◆ EXERCISE REQUIREMENTS: The entries below hold a line with "엥 벌써 상병이 된건가???" and a line with "Der Spielturm Amsterdam". Return those lines and all that lie between them, exactly and only.

◆ SOURCE DATA:
--- START ---
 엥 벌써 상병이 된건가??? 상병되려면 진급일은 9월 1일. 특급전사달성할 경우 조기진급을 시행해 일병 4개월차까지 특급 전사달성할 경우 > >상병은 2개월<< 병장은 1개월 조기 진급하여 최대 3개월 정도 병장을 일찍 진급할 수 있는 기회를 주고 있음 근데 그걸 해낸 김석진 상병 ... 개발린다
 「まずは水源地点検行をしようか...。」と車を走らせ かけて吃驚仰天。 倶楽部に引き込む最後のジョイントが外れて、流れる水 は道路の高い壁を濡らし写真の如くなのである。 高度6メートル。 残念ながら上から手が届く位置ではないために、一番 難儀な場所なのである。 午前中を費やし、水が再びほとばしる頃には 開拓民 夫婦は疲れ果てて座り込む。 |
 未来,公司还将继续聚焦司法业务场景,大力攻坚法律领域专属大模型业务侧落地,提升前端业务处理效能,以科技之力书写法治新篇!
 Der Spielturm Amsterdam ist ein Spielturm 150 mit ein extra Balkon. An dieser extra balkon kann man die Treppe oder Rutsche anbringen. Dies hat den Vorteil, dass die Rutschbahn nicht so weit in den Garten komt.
--- END ---
--- START ---
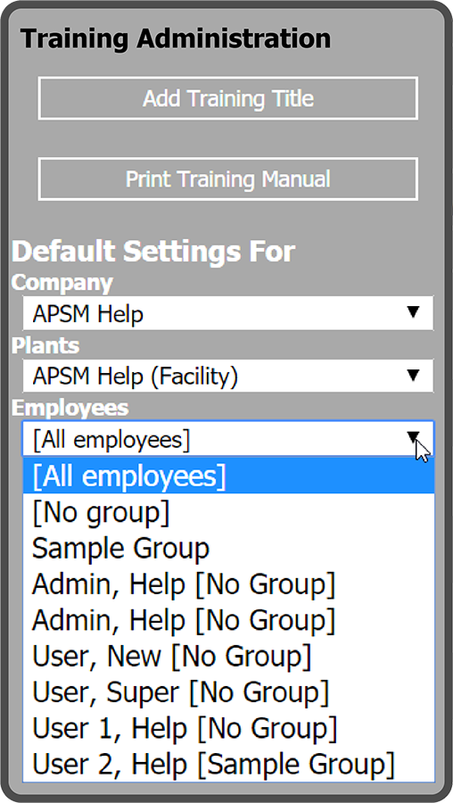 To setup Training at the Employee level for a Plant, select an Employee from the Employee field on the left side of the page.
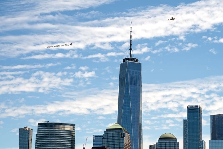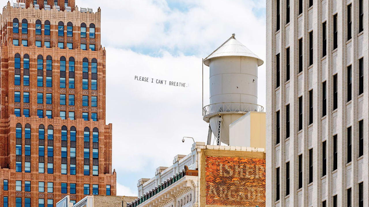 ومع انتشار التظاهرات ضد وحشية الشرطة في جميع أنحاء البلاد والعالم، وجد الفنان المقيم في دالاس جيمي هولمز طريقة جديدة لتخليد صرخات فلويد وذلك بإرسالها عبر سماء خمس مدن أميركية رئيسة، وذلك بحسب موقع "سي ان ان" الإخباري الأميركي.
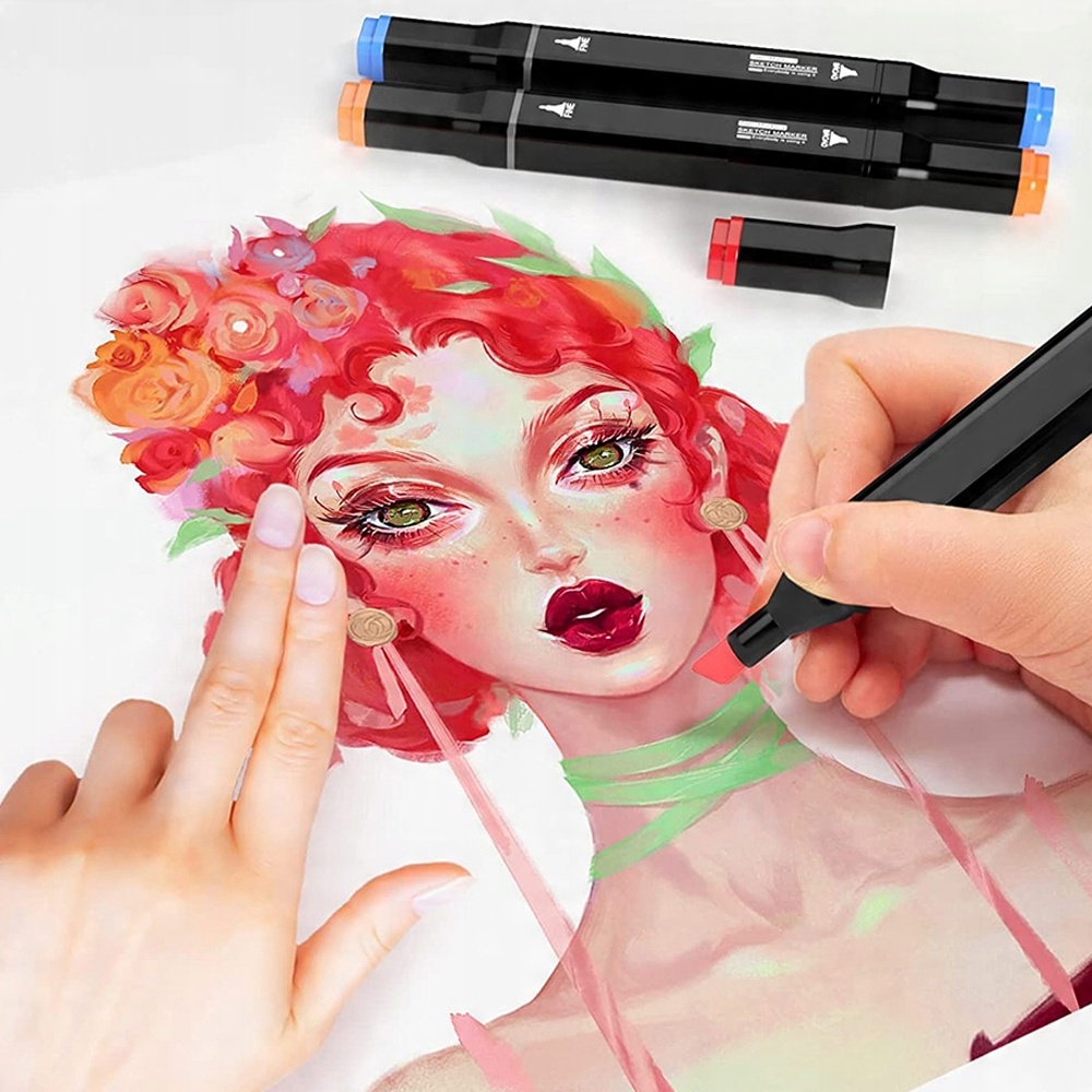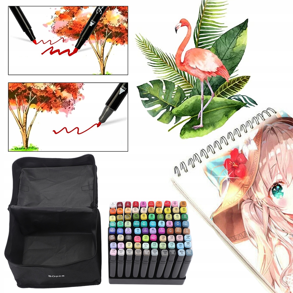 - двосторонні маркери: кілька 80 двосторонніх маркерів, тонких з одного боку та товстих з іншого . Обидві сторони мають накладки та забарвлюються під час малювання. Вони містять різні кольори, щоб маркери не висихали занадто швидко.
--- END ---
◆ RESPONSE TO THIS EXERCISE:
 엥 벌써 상병이 된건가??? 상병되려면 진급일은 9월 1일. 특급전사달성할 경우 조기진급을 시행해 일병 4개월차까지 특급 전사달성할 경우 > >상병은 2개월<< 병장은 1개월 조기 진급하여 최대 3개월 정도 병장을 일찍 진급할 수 있는 기회를 주고 있음 근데 그걸 해낸 김석진 상병 ... 개발린다
 「まずは水源地点検行をしようか...。」と車を走らせ かけて吃驚仰天。 倶楽部に引き込む最後のジョイントが外れて、流れる水 は道路の高い壁を濡らし写真の如くなのである。 高度6メートル。 残念ながら上から手が届く位置ではないために、一番 難儀な場所なのである。 午前中を費やし、水が再びほとばしる頃には 開拓民 夫婦は疲れ果てて座り込む。 |
 未来,公司还将继续聚焦司法业务场景,大力攻坚法律领域专属大模型业务侧落地,提升前端业务处理效能,以科技之力书写法治新篇!
 Der Spielturm Amsterdam ist ein Spielturm 150 mit ein extra Balkon. An dieser extra balkon kann man die Treppe oder Rutsche anbringen. Dies hat den Vorteil, dass die Rutschbahn nicht so weit in den Garten komt.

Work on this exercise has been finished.